Like elsewhere [20, 21], in Benin, the main potential risk factors of HR-HPV were younger age, gonorrhea as well as vaginal douching. Multiple sexual partners and immature cervix producing inadequate cervical mucus are known factors increasing the likelihood of acquiring HPV infection in young women [34, 35]. Similarly, the associations between HR-HPV and could partly be explained by risky behavior or because of the chronic inflammation caused by this infection, which would facilitate the acquisition of HPV [36, 37]. On the other hand, the relationship between vaginal douching and higher rates of genital infections, including STIs/HPV, is well documented in the general population [38, 39]. Supporting these findings are local immune system disturbance and removal of the cervical mucus protective barrier [40]. In contrast, a study in Cambodia found less HPV infections in FSWs practicing vaginal douching just after sexual intercourse [41]. Such controversies, combined with the rarity of studies exploring the link between HPV infection and vaginal douching among FSWs, despite its common practice among this population in SSA [42], suggest the need for additional studies.
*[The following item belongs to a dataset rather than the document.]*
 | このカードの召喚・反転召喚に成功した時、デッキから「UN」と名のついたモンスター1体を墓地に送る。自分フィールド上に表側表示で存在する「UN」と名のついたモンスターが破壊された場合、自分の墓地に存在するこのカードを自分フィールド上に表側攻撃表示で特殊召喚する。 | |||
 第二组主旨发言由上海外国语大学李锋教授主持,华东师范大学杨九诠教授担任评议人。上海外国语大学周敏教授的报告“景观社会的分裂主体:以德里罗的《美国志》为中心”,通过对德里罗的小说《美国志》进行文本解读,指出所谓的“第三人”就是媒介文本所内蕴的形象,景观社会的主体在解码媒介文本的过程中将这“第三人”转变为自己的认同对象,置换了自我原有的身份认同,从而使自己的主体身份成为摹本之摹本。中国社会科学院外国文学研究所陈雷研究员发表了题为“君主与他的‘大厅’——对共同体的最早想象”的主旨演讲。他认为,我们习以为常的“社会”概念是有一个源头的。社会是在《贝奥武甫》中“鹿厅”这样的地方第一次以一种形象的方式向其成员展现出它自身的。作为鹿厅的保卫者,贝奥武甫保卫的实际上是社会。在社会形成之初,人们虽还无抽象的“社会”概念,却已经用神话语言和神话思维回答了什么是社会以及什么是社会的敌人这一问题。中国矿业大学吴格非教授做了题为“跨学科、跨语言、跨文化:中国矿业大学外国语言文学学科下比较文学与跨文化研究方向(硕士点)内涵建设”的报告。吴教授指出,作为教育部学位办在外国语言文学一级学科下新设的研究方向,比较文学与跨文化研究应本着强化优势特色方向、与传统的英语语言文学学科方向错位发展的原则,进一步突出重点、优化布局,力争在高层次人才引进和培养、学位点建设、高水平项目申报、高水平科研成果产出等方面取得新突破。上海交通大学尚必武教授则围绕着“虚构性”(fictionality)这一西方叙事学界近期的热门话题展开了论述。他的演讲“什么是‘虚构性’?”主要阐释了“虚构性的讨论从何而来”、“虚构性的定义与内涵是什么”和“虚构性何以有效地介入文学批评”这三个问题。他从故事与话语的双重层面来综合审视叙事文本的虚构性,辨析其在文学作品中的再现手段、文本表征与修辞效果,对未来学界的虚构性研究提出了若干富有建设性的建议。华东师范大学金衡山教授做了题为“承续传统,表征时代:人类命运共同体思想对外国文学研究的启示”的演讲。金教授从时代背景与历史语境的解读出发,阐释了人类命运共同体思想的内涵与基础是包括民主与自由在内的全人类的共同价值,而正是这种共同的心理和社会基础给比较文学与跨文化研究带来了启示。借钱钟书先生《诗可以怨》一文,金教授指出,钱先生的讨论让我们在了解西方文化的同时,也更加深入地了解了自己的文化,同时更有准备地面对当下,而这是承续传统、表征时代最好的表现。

In Mali the highest prevalence of HR-HPV was observed in home-based FSWs. While the relation between HIV infection and sex work place is well documented [43], little is known about the link between HPV infection and sex work place. Differences in number and social categories of sexual partners, prevalence of other STIs, cumulative exposure according to place of sex work could potentially explain our findings. As reported elsewhere [44], shorter sex work duration association with increased HPV prevalence shares a mechanism similar to that of younger age. Our analysis revealed a moderate association between HIV and HR-HPV infections. Supporting this finding is the HIV-induced immunosuppression that can increase the susceptibility to virus acquisition as well as the inability to eliminate HPV infection [45, 46]. Unexpectedly, we noted an inverse association between the high number of sexual partners and HPV infections. This is probably due to the high HIV prevalence among FSWs with < 5 clients as observed in our data publish elsewhere [25].
Limitations
We studied the epidemiology of HPV infections among FSWs from a convenience sample. To minimize selection bias, we used different recruitment approaches either by the PEs or FSW leaders. In addition, self-reported information on risky behaviors such as number of sexual partners, age at first sexual interaction, etc., may be subject to recall and social desirability bias. Indeed, due to stigma or social desirability, this information collected may be underestimated. However, such misclassification bias would be limited in our study since the data were collected by trusted qualified interviewers. Failure to measure certain variables could cause residual confounding in our analyses on risk factors. To deal with this bias, we adjusted for a large number of potential confounding variables based on the literature. Furthermore, the associations we found between several factors and HR-HPV cannot be viewed as causal because of the cross-sectional nature of the data. In addition, although our results reflect current HPV infection status, the lack of information about HPV antibodies in the serum, which is reported to be a marker of past infections [47], constitute another limitation of this study. Finally, our results may not be generalizable to other FSW populations in West Africa because of the different characteristics observed in FSWs.
Implications
Understanding the distribution of HPV genotypes among FSWs is crucial to estimating the burden of HPV infections as well as the future impact of HPV vaccines within this high-risk group. The high prevalence of HR-HPV and other STIs/HIV found among FSWs implies an increased risk of cervical cancer.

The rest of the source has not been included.